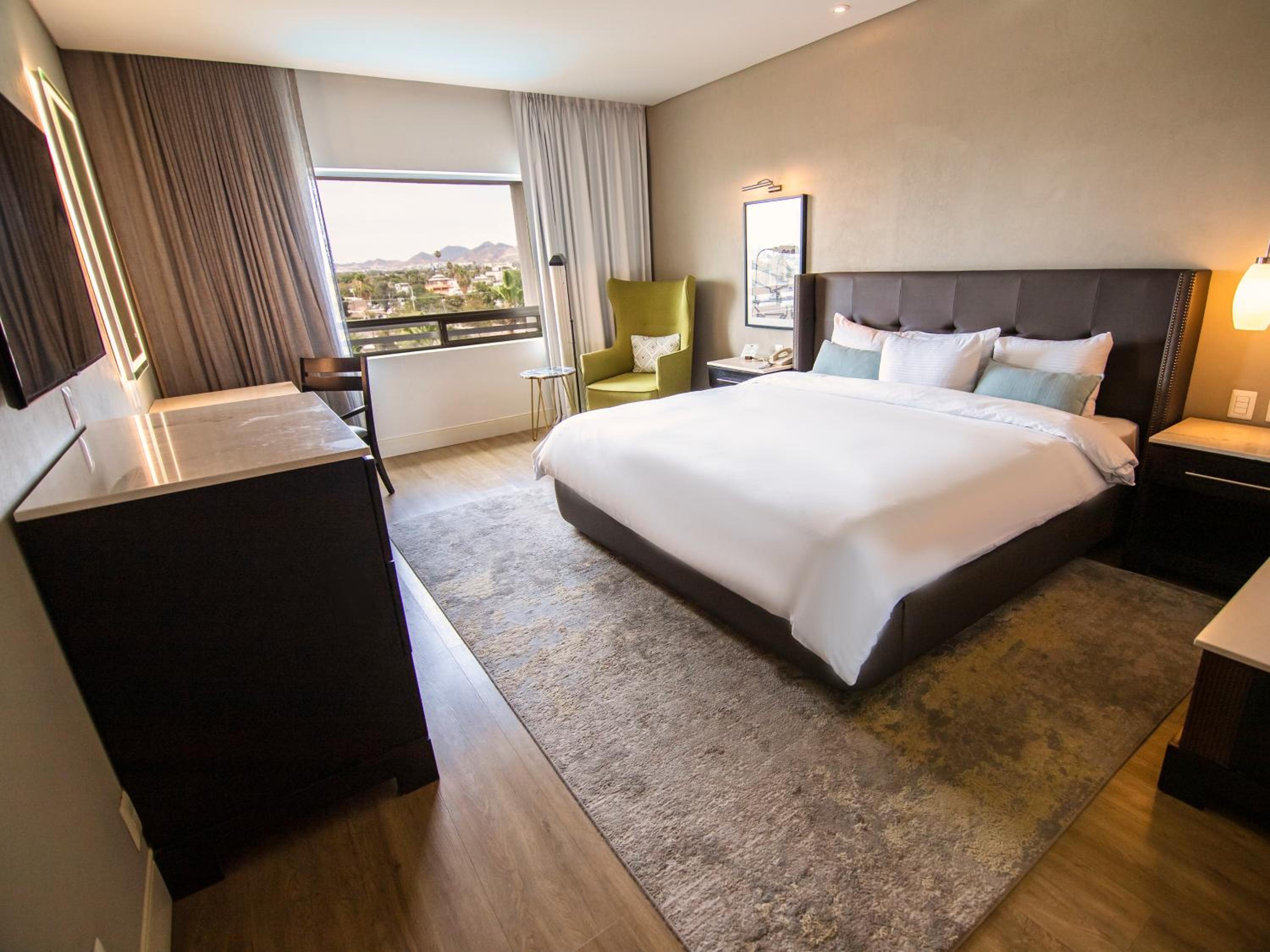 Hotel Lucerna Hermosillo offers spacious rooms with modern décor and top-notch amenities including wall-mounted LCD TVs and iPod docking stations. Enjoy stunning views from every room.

...

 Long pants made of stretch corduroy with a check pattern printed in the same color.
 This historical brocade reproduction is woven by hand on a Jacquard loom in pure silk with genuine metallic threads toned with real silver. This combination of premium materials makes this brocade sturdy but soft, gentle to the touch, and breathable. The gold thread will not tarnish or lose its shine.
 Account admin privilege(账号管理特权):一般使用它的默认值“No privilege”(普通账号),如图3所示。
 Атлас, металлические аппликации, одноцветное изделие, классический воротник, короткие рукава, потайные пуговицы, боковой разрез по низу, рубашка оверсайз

---

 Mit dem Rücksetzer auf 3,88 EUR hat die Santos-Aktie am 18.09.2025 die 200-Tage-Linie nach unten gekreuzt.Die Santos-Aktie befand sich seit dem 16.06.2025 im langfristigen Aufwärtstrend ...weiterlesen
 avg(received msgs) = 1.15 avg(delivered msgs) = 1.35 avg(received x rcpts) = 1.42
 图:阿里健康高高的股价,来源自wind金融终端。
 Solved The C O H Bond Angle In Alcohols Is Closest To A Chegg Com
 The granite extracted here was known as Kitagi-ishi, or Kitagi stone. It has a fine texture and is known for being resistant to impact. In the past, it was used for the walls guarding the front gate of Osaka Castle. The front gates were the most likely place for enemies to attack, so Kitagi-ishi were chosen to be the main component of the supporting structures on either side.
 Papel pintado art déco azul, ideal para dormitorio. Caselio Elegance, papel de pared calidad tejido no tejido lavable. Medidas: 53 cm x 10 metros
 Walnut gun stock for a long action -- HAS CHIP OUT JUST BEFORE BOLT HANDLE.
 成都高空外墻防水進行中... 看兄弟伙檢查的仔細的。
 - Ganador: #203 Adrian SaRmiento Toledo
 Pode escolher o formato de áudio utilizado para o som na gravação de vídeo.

▶ _ASSIGNMENT_: Look through the data above for the word "para". Report each line where it occurs.

▶ _SOLVED PROBLEM_:
 Papel pintado art déco azul, ideal para dormitorio. Caselio Elegance, papel de pared calidad tejido no tejido lavable. Medidas: 53 cm x 10 metros
 Pode escolher o formato de áudio utilizado para o som na gravação de vídeo.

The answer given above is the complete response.